**TASK INSTRUCTIONS**
The required output is the exact run of lines below that opens at the line with "Although it’s being" and closes at the line with "Without publicity, no".
____ DATA FOR ANALYSIS
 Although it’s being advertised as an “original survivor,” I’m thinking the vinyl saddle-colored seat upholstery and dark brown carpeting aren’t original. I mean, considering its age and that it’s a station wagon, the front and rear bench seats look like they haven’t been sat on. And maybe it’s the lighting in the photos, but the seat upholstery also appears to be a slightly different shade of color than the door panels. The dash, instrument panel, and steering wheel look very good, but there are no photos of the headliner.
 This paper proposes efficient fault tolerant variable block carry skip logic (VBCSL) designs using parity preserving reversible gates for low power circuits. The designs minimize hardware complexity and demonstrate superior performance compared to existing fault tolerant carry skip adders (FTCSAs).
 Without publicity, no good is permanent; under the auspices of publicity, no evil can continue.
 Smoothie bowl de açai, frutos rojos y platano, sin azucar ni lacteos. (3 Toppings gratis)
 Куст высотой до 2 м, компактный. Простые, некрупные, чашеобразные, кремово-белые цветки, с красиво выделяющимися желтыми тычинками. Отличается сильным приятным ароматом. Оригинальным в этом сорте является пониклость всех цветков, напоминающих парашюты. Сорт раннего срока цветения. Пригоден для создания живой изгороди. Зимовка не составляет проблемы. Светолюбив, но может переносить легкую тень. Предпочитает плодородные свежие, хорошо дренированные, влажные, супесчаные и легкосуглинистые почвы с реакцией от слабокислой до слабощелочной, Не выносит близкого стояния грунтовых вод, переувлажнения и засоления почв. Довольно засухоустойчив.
________
____ DATA FOR ANALYSIS
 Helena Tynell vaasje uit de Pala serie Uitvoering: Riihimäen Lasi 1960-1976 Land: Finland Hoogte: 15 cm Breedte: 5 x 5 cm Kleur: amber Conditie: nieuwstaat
________
**EXERCISE RESULT**
 Although it’s being advertised as an “original survivor,” I’m thinking the vinyl saddle-colored seat upholstery and dark brown carpeting aren’t original. I mean, considering its age and that it’s a station wagon, the front and rear bench seats look like they haven’t been sat on. And maybe it’s the lighting in the photos, but the seat upholstery also appears to be a slightly different shade of color than the door panels. The dash, instrument panel, and steering wheel look very good, but there are no photos of the headliner.
 This paper proposes efficient fault tolerant variable block carry skip logic (VBCSL) designs using parity preserving reversible gates for low power circuits. The designs minimize hardware complexity and demonstrate superior performance compared to existing fault tolerant carry skip adders (FTCSAs).
 Without publicity, no good is permanent; under the auspices of publicity, no evil can continue.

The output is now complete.